ESR 07 WP2.2: Coupled radiation effects on emerging power devices

Short abstract:

New power device technologies (SiC, GaN, smart power) are very promising. However, a lot has still to be done to address the new degradation mechanisms of wide band gap power technologies. This study is essential to address the technological evolution of next generation on-board satellite power systems. The PhD work will investigate both the sensitivity to radiation (mixed field) of COTS power technologies (silicon, wide band gap, smartpower) and the impact of radiation-induced degradation on the time-to-end of functionality of the global system. This work aims at determining if, besides their appealing electrical performance, next generation power devices can meet the space applications’ requirements in terms of radiation behaviour. Devices under investigations will come from four different technologies: Si, SiC, GaN and smart power (including both driver logic and power stages). Very few or no results of the coupled aging and radiation effects exists for innovative power technologies. This ESR will profit from the basic mechanism analysis of ESR4 and its findings will be incorporated in ESR’s 15 guideline.

Long abstract:

Since the very beginning of the space conquest, space environment has been one of the major challenges for the operation of the space systems. Beyond some obvious military strategic interests, one can find many civil applications in space, such as earth observation (SPOT4, ERS-1, ERS-2) and navigation (GALILEO). Even though such applications have been remarkably developed from a technological viewpoint, one cannot neglect the effects on these systems by the harsh radiation environment in space.

Power devices are the key components for space applications. They are indeed used within energy conversion systems and are basically in the core of any satellite's power supply. Space is a harsh environment where embedded power MOSFETs are exposed to a strong radiative stress, which is known to affect the overall system reliability. Thus, ensuring the reliability of power stages is the first step to achieve when securing embedded electronics in space.

Basically, power MOSFETs share many of the radiation induced issues exhibited by MOS transistors (e.g. shift in threshold voltage, increase in on-resistance, decrease in transconductance...). However, compared to signal transistors, power MOSFETs have a lower doping and thicker insulation layers which make them more sensitive both to ionizing dose effects and to catastrophic single event phenomena, e.g. single-event burnout (SEB) and single-event gate rupture (SEGR). In both cases, the device will experience a high leakage current that may not be acceptable in a circuit application. SEGR and SEB are the two primary kind of catastrophic phenomena that can destroy the functionality of a power MOSFET, and thereby the whole system. One part of the study will, in particular, focus on how such a degradation in the devices might impact the reliability of the whole system. In this way, a reliability studies will be performed on degraded devices.

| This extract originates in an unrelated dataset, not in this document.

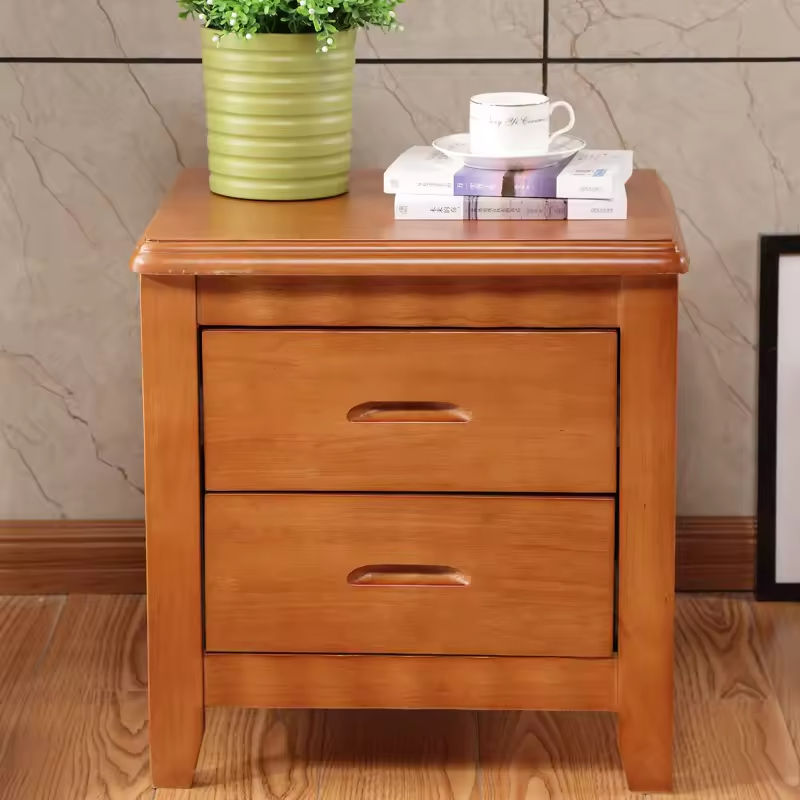 Hot Selling Modern Multi-function Natural Wood Solid Bedroom Furniture Nightstand Double Drawer Storage Durable Frame

So far, an extensive work has been done for assessing the reliability of embedded standard vertical power MOSFETs. Looking forward to power devices that might be embedded in the future, wide bandgap power devices seem to offer an interesting trade-off with high voltage, high frequency and high temperature capabilities. However, their radiation behavior along with cumulated ionizing dose as well as the impact of combined effects such as dose/SEE, aging/dose or aging/SEE, have not been extensively investigated yet.

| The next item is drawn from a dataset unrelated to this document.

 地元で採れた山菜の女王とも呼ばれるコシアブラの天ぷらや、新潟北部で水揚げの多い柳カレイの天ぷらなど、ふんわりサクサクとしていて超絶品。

This work aims to determine if, besides their appealing electrical performances, next generation power devices can meet the space applications' requirements in terms of radiation behavior. Devices under investigations will come from three different technologies (Standard Si, SiC and GaN). The Université Montpellier 2 will offer the access to its Co60 radiation facility for dose irradiation and the access to laser facility for single-event effects characterization. The University of Jyväskylä will offer access to heavy ion beam facility for SEE testing.

Deliverable & Milestones Lists:

  • Report @ M6.
  • Report @ M18.
  • Report @ M36.
  • Choice of technologies to be tested.
  • Test bench development.
  • Identification of non hardened TID sensitive technologies.
  • Starting SEE and TID tests.
  • Study of time to end of functionality on degraded under radiation devices.
  • Assessment of mixed field constraint.
  • SEB modeling.


University of Montpellier


Prof. Antoine Touboul (University of Montpellier)


Prof. Ari Virtanen & Dr. Arto Javanainen (University of Jyväskylä)

Planned secondments:

[total: 10 months]: ADS (R. Mangeret): [5m] Industrial requirements and specifications; design/component constraints training; testing YOG (Dr R. Mariani): [1m] For learning about reliability requirements and characterization approach of power components in the automotive industry; CERN (Dr R. Garcia Alia), UU (Assoc Prof A. Prokofiev), ISIS-STFC (Dr C. Frost), PSI (Dr W. Hajdas): [2m] To obtain experimental data on identified devices; JYU (Dr A. Javanainen): [2m] for additional heavy ion facility 

Position has been appointed to Kimmo Niskanen. Click here for Profile.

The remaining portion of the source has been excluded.